Any insight as to wether it will have apps?
Any insight as to wether that UI will come to other TiVo boxes?

Personally I want the apps to have deep integration with TiVo - unified search is killer. What you suggests precludes that. Though maybe with lack of resources staying out of app game is sensible. But then I would want a darn good app for firetv....


----------



## Dan203 (Apr 17, 2000)

Have you ever used the iOS or Android apps? The way it integrates other services and can launch their apps? I suspect that's how the Mavrik apps will work. Because it will run on common streaming devices it should have access to way more apps then are currently available on the TiVo boxes.


----------



## alexb (Jan 4, 2003)

Dan203 said:


> Have you ever used the iOS or Android apps?
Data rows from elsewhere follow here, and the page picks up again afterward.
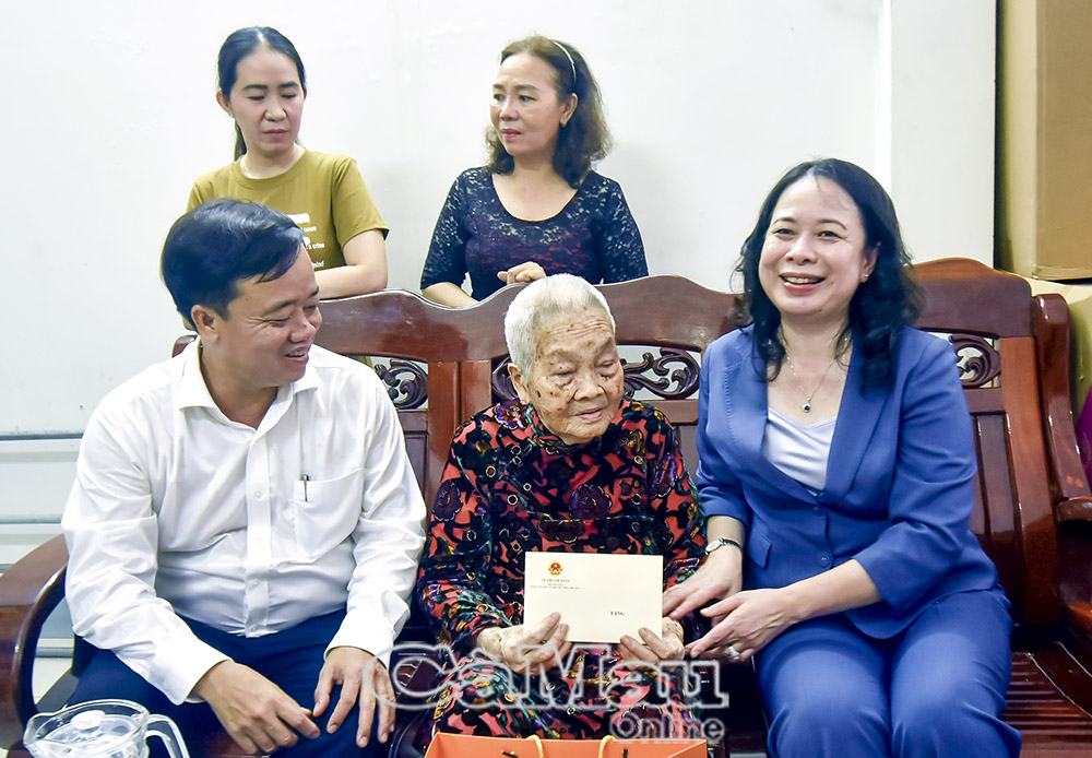 Theo đó, Phó Chủ tịch nước Võ Thị Ánh Xuân và lãnh đạo tỉnh đến thăm, tặng quà Mẹ VNAH Mã Thị Kịch tại ấp Bà Điều và Mẹ VNAH Lê Thị Chi tại Khóm 8 và thương binh Hứa Văn Sử Khóm 4, phường Lý Văn Lâm.
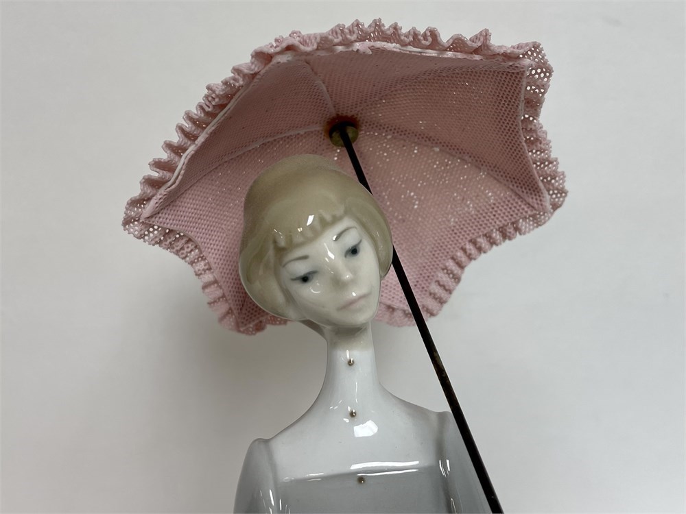 "Dressmaker" by Lladro, a porcelain figure of a lady with lacy parasol, hand made in Spain.  I'm happy to report that it is in good condition with no damage, which is a rather rare circumstance for figures with this fragile porcelain lace.  She's a beauty!  About 14.5" tall.
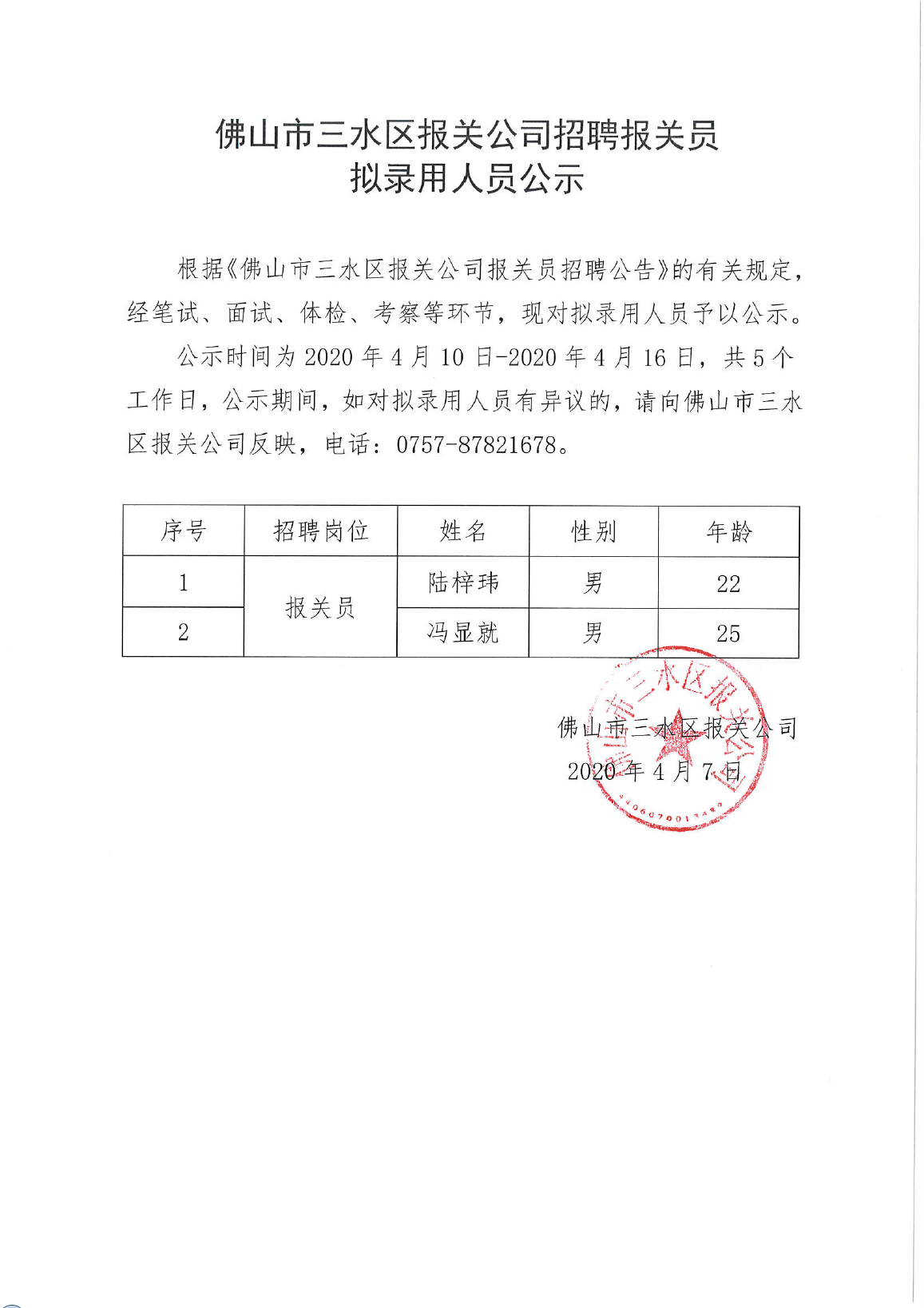 佛山市三水区报关公司招聘报关员拟录用人员公示
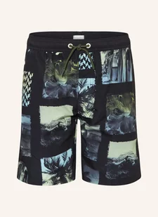 Elastyczny pas z tunelem z troczkiem. Dla chłopców. Wzór na całej powierzchni. Kieszeń tylna z zapięciem na rzep. Boczne kieszenie wpuszczane.
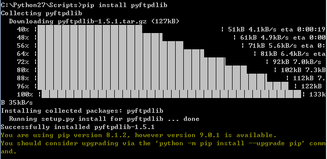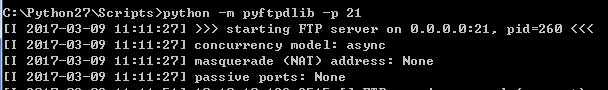 进入Python27\Scripts目录,执行:pip install pyftpdlib命令,显示如下,表示安装成功

The way it integrates other services and can launch their apps? I suspect that's how the Mavrik apps will work. Because it will run on common streaming devices it should have access to way more apps then are currently available on the TiVo boxes.


Yes, but that's just a launch of an app, it doesn't start the program AFAIK, but maybe that doesn't matter?


----------



## Dan203 (Apr 17, 2000)

alexb said:


> Yes, but that's just a launch of an app, it doesn't start the program AFAIK, but maybe that doesn't matter?


I think some apps offer better integration then others. Some just launch the app, some launch and take you to the program and others can actually launch and start playing.


----------



## tomhorsley (Jul 22, 2010)

Forget "more" apps, how about apps that start fast enough that you don't forget why you started them . The apps on my LG TV start thousands of times faster than the TiVo apps, so I'm highly unlikely to ever use an app on the TiVo again.


----------



## Dan203 (Apr 17, 2000)

tomhorsley said:


> Forget "more" apps, how about apps that start fast enough that you don't forget why you started them . The apps on my LG TV start thousands of times faster than the TiVo apps, so I'm highly unlikely to ever use an app on the TiVo again.


Which TiVo do you have? The apps launch almost instantly on the Bolt. In fact the Netflix app is kept in memory so it actually starts instantly. The rest only take a few seconds at most.


----------



## tomhorsley (Jul 22, 2010)

Dan203 said:


> Which TiVo do you have? The apps launch almost instantly on the Bolt. In fact the Netflix app is kept in memory so it actually starts instantly. The rest only take a few seconds at most.


I can launch the amazon app on my TiVo Roamio and watch spinning circles for minutes. If I launch amazon video on my Nexus 7 tablet at the same time, I can be well into the exact same show by the time I make it through the spinning circles on the Roamio. I can't compare the LG TV native app to the Roamio directly because I'd need to hook up an additional TV to do that, but the LG app feels about the same speed as the tablet.


----------